Excerpted records.
'''

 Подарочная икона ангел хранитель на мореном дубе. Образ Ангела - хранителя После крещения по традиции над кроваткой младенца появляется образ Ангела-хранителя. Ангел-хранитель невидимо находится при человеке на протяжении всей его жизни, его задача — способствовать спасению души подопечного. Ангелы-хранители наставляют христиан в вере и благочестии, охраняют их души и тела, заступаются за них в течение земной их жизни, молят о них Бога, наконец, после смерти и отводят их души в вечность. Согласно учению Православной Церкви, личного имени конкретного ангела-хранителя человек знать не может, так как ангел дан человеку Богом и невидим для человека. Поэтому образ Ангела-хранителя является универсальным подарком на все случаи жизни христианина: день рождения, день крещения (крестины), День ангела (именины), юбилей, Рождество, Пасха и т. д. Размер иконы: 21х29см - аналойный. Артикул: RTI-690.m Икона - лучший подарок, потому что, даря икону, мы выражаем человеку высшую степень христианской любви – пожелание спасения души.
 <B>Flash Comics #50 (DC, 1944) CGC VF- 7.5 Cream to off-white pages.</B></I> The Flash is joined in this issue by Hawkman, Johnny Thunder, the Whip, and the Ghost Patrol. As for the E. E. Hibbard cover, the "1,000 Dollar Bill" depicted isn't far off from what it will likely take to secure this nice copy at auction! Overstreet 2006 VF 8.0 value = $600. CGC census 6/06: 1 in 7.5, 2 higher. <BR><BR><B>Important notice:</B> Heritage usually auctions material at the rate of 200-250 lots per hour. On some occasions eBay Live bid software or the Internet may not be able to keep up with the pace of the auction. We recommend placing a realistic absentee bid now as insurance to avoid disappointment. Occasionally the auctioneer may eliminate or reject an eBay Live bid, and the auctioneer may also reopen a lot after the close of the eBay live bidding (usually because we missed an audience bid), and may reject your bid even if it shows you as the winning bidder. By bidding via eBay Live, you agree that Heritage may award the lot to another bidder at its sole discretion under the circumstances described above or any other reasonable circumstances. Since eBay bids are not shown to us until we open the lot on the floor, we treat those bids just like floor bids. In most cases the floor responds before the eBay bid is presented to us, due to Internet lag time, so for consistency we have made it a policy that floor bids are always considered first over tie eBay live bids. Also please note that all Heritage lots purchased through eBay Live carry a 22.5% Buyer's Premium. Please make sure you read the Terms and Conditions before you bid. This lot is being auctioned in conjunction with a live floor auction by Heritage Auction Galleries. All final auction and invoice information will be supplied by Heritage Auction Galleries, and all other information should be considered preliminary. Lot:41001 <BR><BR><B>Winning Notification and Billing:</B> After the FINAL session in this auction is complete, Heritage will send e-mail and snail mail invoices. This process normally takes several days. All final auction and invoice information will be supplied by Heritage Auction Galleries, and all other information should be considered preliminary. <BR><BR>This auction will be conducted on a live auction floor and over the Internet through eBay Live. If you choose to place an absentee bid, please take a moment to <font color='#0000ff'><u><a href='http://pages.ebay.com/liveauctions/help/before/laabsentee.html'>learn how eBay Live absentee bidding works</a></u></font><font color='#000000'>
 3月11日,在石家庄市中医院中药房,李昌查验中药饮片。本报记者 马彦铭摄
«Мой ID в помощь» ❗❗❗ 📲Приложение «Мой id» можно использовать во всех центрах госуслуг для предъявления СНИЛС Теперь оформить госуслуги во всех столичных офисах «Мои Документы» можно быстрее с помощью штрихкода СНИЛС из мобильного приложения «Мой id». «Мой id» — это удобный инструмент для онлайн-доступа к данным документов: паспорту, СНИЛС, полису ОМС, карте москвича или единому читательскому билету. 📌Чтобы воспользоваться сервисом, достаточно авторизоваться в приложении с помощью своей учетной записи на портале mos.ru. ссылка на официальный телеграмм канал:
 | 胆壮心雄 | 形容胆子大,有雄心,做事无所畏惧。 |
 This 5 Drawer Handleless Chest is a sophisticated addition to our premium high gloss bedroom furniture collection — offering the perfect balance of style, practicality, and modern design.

'''
'''

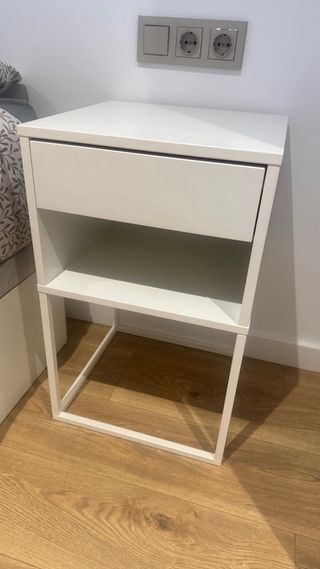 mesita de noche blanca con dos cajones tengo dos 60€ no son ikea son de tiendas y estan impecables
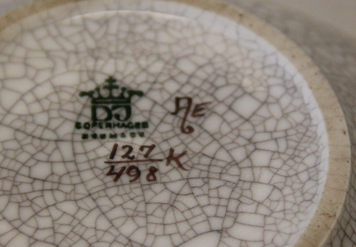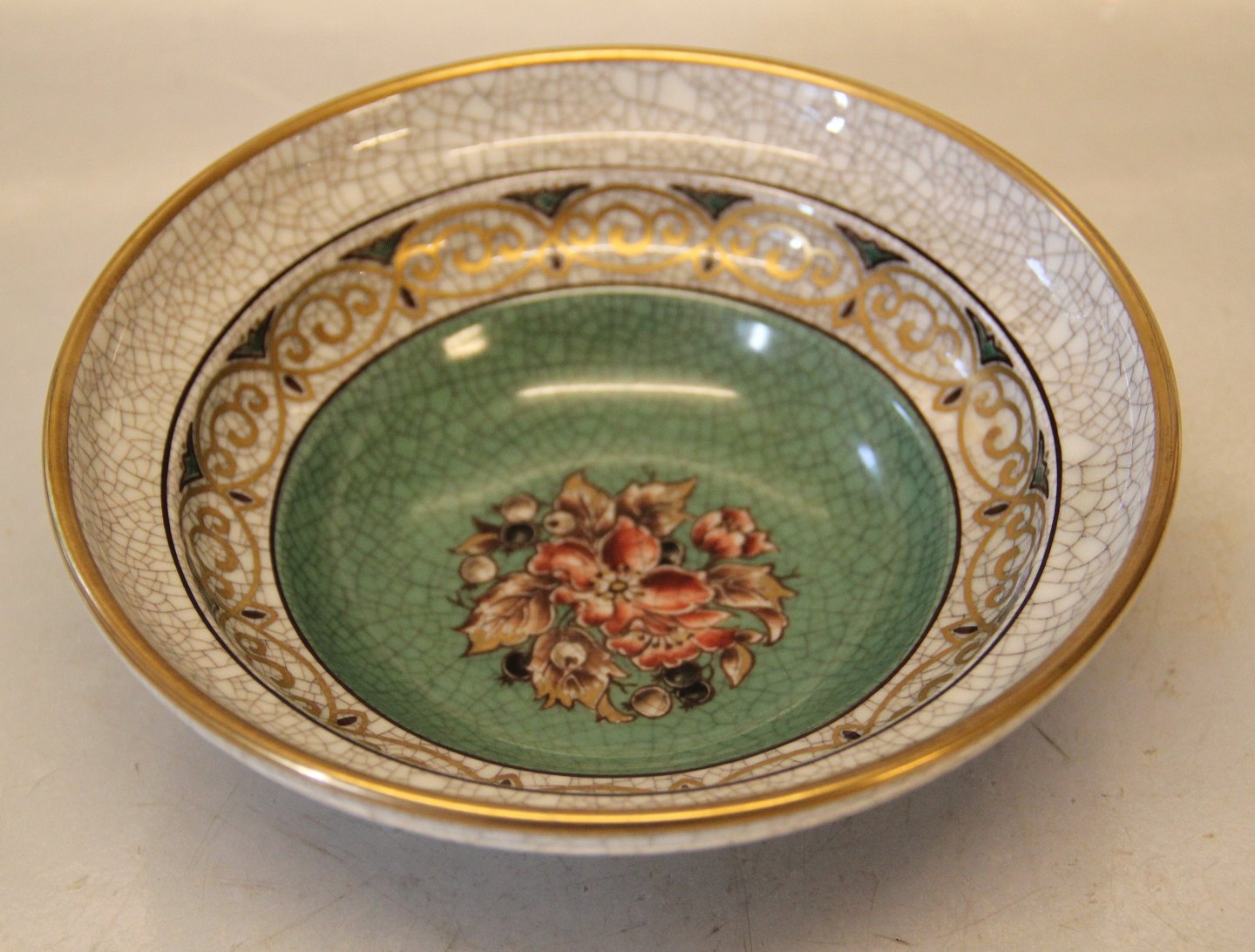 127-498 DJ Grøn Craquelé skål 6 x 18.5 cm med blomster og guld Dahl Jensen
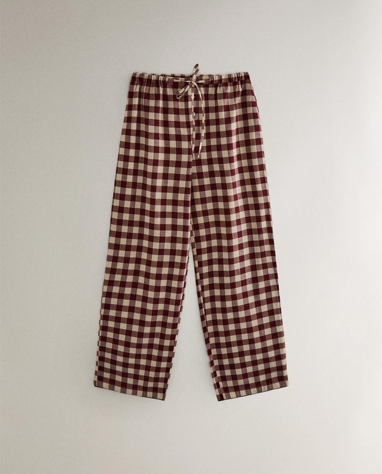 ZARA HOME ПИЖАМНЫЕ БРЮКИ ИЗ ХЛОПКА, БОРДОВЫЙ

'''
'''

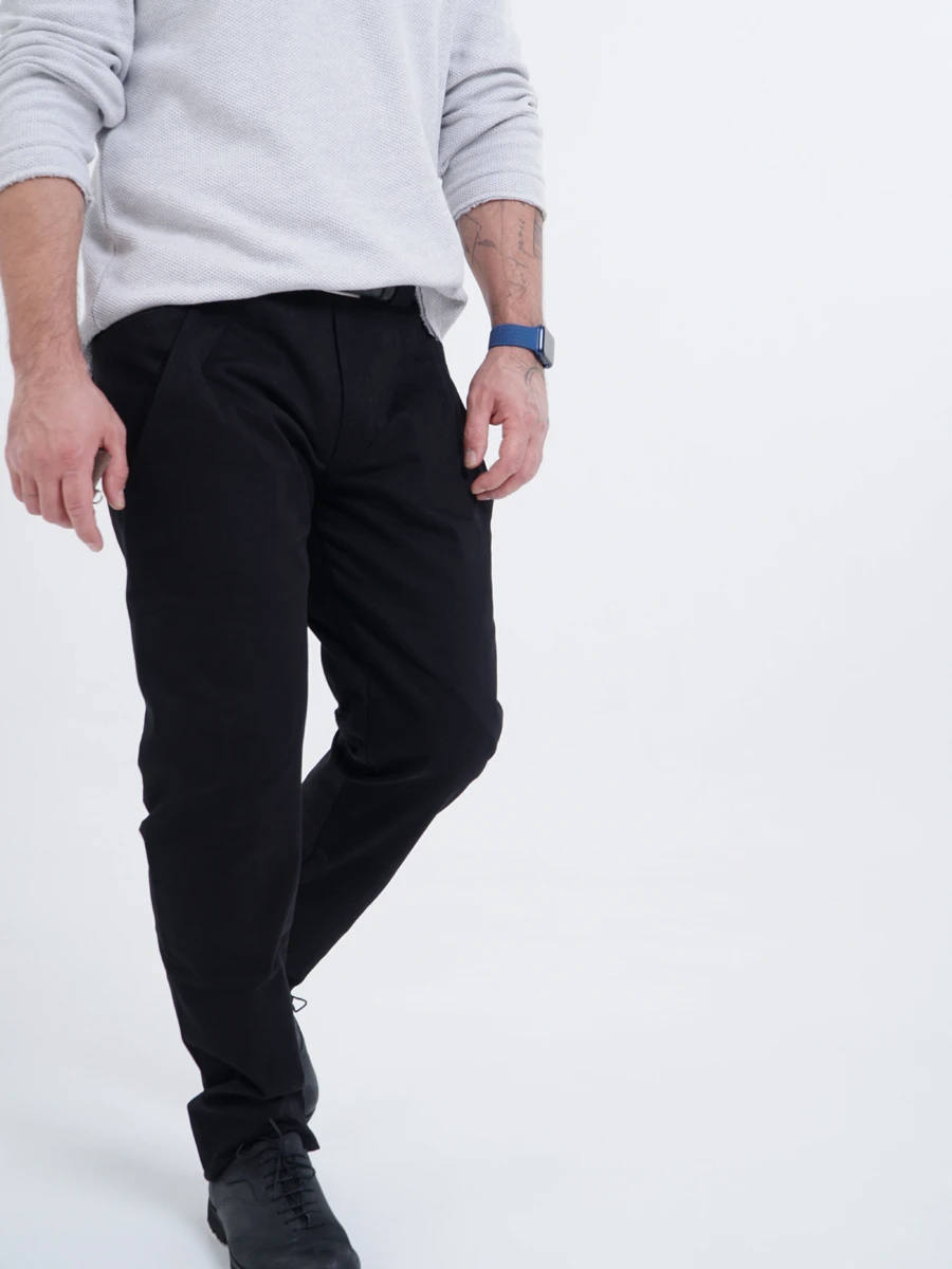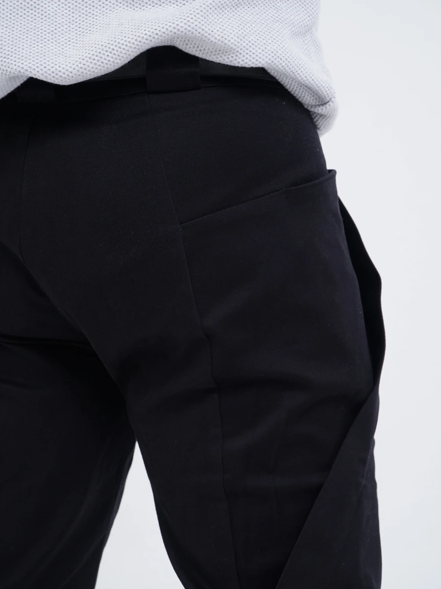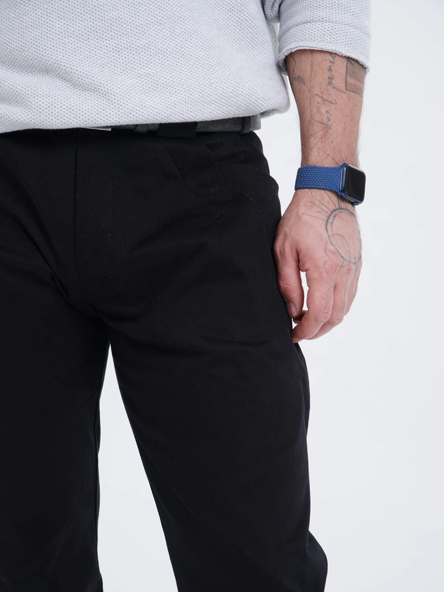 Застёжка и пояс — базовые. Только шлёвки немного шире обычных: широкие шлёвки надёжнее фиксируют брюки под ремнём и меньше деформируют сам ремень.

'''

Required work. Please make an exact copy of the lines above from the line with "можно использовать во" through the line with "This 5 Drawer", both ends included.

Response box.
«Мой ID в помощь» ❗❗❗ 📲Приложение «Мой id» можно использовать во всех центрах госуслуг для предъявления СНИЛС Теперь оформить госуслуги во всех столичных офисах «Мои Документы» можно быстрее с помощью штрихкода СНИЛС из мобильного приложения «Мой id». «Мой id» — это удобный инструмент для онлайн-доступа к данным документов: паспорту, СНИЛС, полису ОМС, карте москвича или единому читательскому билету. 📌Чтобы воспользоваться сервисом, достаточно авторизоваться в приложении с помощью своей учетной записи на портале mos.ru. ссылка на официальный телеграмм канал:
 | 胆壮心雄 | 形容胆子大,有雄心,做事无所畏惧。 |
 This 5 Drawer Handleless Chest is a sophisticated addition to our premium high gloss bedroom furniture collection — offering the perfect balance of style, practicality, and modern design.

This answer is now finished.